— Problem details —
For the lines from the one with "N(c) = (c-20)/n Answer" to the end of the listing below, both ends included, give an exact copy and nothing more. Do not copy pictures.

[Information shown — start]

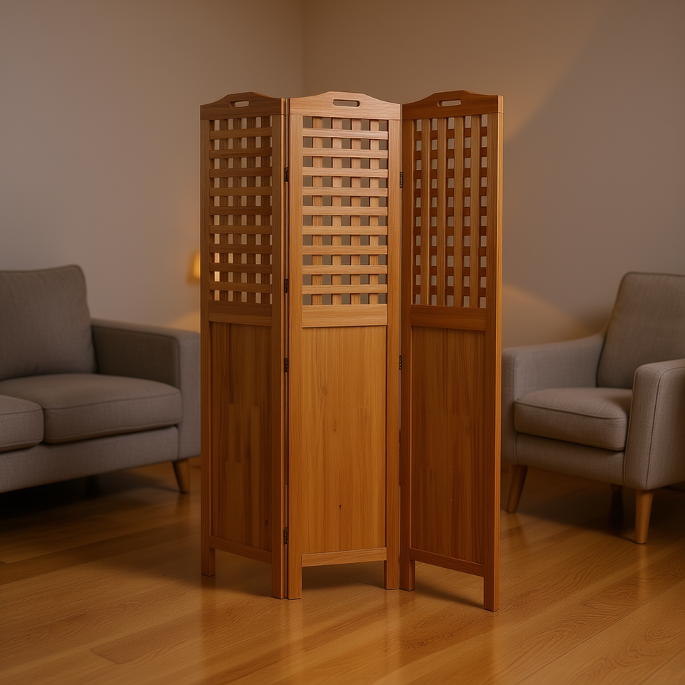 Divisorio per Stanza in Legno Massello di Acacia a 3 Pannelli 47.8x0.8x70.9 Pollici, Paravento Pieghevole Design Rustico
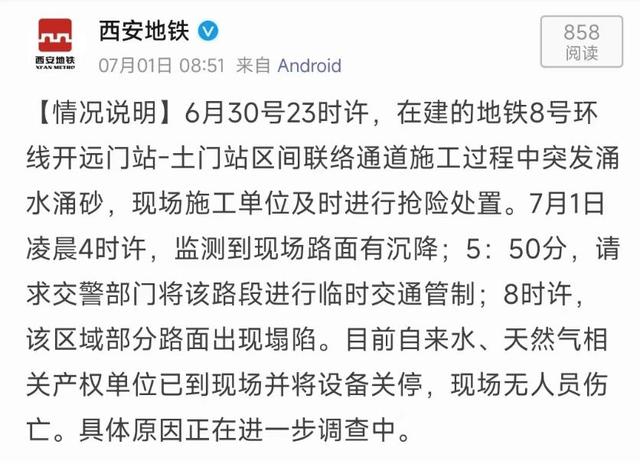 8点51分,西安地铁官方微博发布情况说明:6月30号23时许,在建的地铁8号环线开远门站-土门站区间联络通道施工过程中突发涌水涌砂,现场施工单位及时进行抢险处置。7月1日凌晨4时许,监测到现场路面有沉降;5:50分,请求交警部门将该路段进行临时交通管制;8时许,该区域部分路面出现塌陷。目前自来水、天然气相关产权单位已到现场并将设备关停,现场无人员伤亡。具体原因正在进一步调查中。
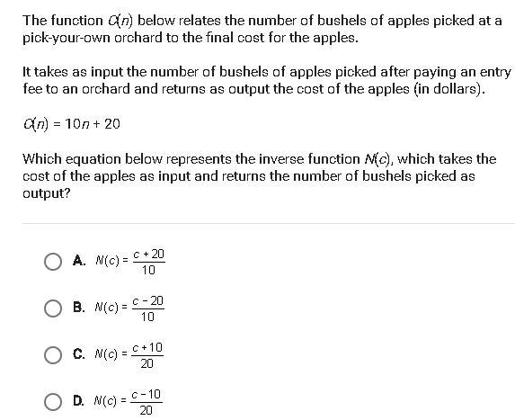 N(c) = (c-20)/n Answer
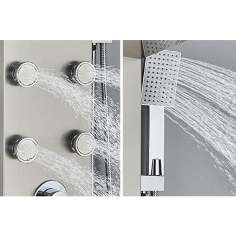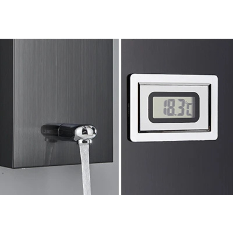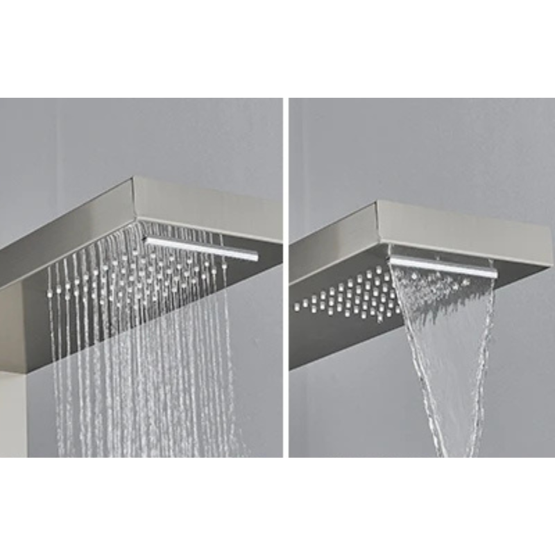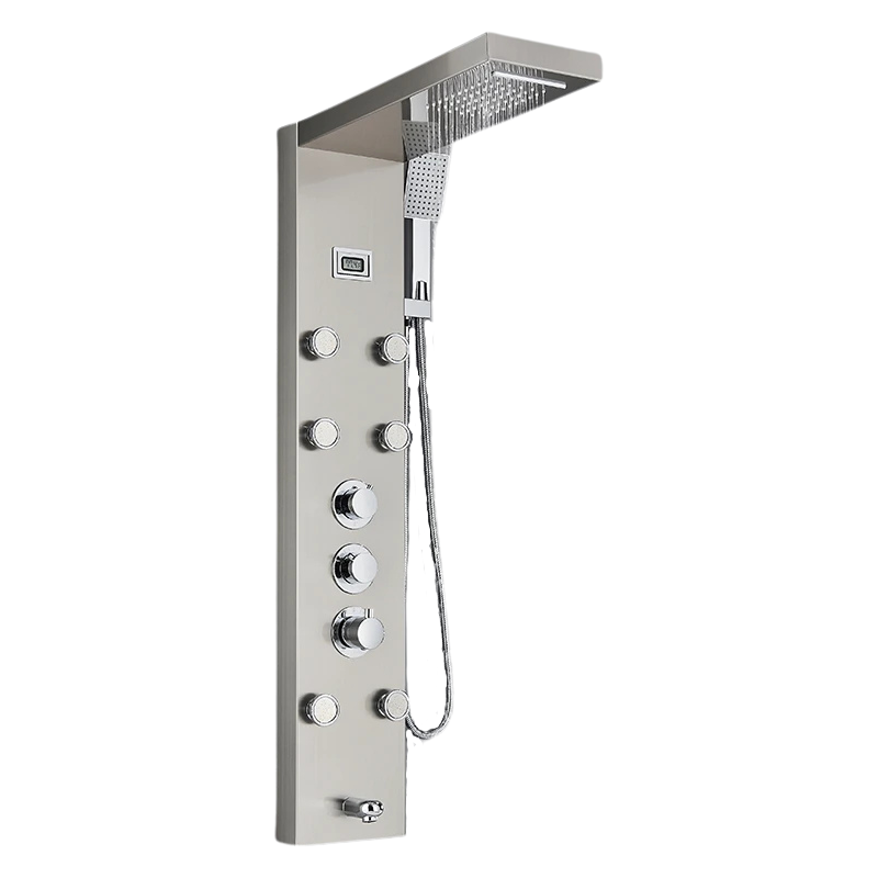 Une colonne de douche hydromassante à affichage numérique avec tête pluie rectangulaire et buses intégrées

[Information shown — finish]

— Response area —
 N(c) = (c-20)/n Answer
 Une colonne de douche hydromassante à affichage numérique avec tête pluie rectangulaire et buses intégrées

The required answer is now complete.